Window Validity Hypothesis: Given an unbiased automated discourse network data gathering procedure, combining inferences over a time window increases the internal validity of a discourse network representation.

There are two main theoretical mechanisms leading us to formulate this hypothesis, given the data gathering process used to construct a discourse network. First, automated approaches may profit from redundancy in data points, for instance, in media reporting on discourse (Haunss et al., Reference Haunss, Kuhn, Padó, Blessing, Blokker, Dayanik and Lapesa2020). For example, redundancy in data on stances means that media data on relatively salient discourse reports often contains multiple data points about the stance of an actor during a given time window. Or, if social media posts are processed as raw data to construct a discourse network, actors are increasingly likely to express a stance multiple times as an observation window grows. Second, stance inertia in discourse networks means that if networks capture stances, especially regarding policy or deep core beliefs in ACF parlance, the nature of these beliefs rules out rapid fluctuations (Weible, et al., Reference Weible, Sabatier and McQueen2009). Given such inertia, redundancy in data points will lead an unbiased stance classifier to converge to a valid discourse network representation, even if it faces performance issues within smaller observation windows.

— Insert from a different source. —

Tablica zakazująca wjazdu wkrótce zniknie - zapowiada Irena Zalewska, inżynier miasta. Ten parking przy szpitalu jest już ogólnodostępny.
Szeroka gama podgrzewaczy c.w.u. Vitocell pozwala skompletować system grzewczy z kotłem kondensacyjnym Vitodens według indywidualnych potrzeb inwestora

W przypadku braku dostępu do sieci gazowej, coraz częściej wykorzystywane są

As pointed out by a reviewer of this article, this procedure to an extent also resembles the partial pooling that is achieved in Bayesian multi-level models (McElreath, Reference McElreath2016, 408).

Figure 3.

Stylized, illustrative example of discourse shaper and topic opinion leader positions within discourse network.

2.5 Mapping of structurally descriptive network metrics to properties of discourse

We present three exemplary structurally descriptive metrics in the following, which we suggest to hold specific meanings in our conceptualization of a discourse network. On the actor level, these are discourse shapers and topic opinion leader metrics (see Figure 3). On the network or discourse macro-level, we suggest a measure for ideological alignment across topics over time. These sets of metrics illustrate the possibilities of relational data as conceptualized in this article for understanding discourse, but first and foremost, we will employ these measures as additional comparison metrics for testing the window validity hypothesis, checking if automated discourse network data gathering can recover them.

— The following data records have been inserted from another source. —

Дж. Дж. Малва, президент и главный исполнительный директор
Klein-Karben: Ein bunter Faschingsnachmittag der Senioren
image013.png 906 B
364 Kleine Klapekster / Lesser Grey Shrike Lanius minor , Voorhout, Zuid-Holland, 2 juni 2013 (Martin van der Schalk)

When we talk of structurally descriptive measures, we follow a helpful conceptualization of governance network analysis modes developed in Scott and Ulibarri (Reference Scott and Ulibarri2019) in the following. Generally, three modes of governance network analysis can be distinguished, which are implicit, structurally descriptive, and structurally explicit. Structurally descriptive governance network analysis focuses on the description and comparisons of networks on different levels from characteristics of network embedding of different actors to network-level metrics. Structurally explicit methods focus on the analysis of specific ties in networks involving governance actors and their drivers. DNA as conceptualized in this article allows for both structurally descriptive and structurally explicit analysis. Implicit analysis as the qualitative assessment of the consequences of the presence of a network is a non-applicable mode as the presence of a network is a precondition for a discourse analysis to take place.

2.5.1 Discourse shapers

Actors vary regarding their activity in discourses, both quantitatively and qualitatively. An interesting category of actors in multi-faceted discourses containing a variety of topics are actors that are shaping overall discourse network structure both within and beyond single topics. Such discourse shapers are close analogues to bridging actors or brokers in the governance network literature on more material governance activity (Angst et al., Reference Angst, Widmer, Fischer and Ingold2018).

We suggest a variant of z- and c-score computations to identify discourse shapers. Z- and c-scores were originally introduced for ecological networks to measure the degree to which species provide connections in ecological networks, differentiating between species that connect within communities (high z-scores), between communities (high c-scores), or do both (so-called hubs) (Olesen et al., Reference Olesen, Bascompte, Dupont and Jordano2007). As originally proposed for unipartite networks with community assignments for nodes, the measures are essentially standardized within-community versus between-community degree counts for nodes.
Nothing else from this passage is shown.